Sorry it has taken me so long to tell all of you who were so kind to give me support some weeks ago now following an awful experience for my mum following an injection. It took until the day of her next injection to get any response from the hospital. I had no reply to my letter to the consultant before going on holiday and a call to his secretary meant just leaving a message on the answering machine before going away.
What a difference when we turned up at the hospital! I had tried several times without success to call the doctor who left a message on my answering machine and could not even get a reply when I was in the building, but when we announced our presence to a sister on duty, everything changed, even though the waiting room was full to bursting.
While mum was finishing her visual fields tests the doctor arrived and was waiting behind us to scoop us away to a private room to discuss my letter and, most importantly, to apologise for the horrendous treatment mum received last time and promise it would never happen again. My letter was read in full to all staff during a training session and the exemplary reactions of the senior nurse practitioner who saved the day is what they will all be striving for in the future.

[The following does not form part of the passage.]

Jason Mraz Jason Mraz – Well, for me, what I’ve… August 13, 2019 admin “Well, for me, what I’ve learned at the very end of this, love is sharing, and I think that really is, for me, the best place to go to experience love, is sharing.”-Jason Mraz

The doctor who did the injection has been recommended for further training for dealing with elderly and vulnerable patients and the nurse was nowhere to be seen. I was allowed to accompany mum while she had the injection and merely had to wear a face mask. This was no problem for me and I was told I should never have been refused to stay with her. Mum was given the drops to reduce the pressure in her eye both before and after the procedure, and given extra anaesthetic.

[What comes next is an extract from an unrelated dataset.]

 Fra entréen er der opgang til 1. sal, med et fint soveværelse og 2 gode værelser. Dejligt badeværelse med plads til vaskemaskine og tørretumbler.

Sadly, even with her short term memory problems, she was extremely nervous about the procedure and we have a long way to go to rebuild her confidence and get her back to the days when she used to say "It's OK, it doesn't hurt at all." It was not easy for her but the medical team this time could not have been more kind or professional – an amazing contrast to last time and hopefully what we, and others, will always experience from now on. I seriously worry for all those souls out there who suffer in silence and have no-one to speak up for them.
It was entirely accepted that more needs to be done to reduce the waiting times at the hospital appointments and the good news is that the treatment may become available in mobile units travelling around the county, which will reduce long journey times for patients.
So thank you again for giving me the courage to stand up for mum and for your support. My advice to anyone who feels they need more information, or advice, or to praise staff, or to complain is to go ahead and state your case. I have specifically suggested they start to follow this community and learn more about how the treatment affects people in different parts of the country.
Special thanks to the Macular Society for their constant monitoring of this site and the guidance they give to patients, their loved ones, and the medical teams looking for ways to improve the treatment for wet AMD. Good to see from the recent TV news that a real cure might be on it's way.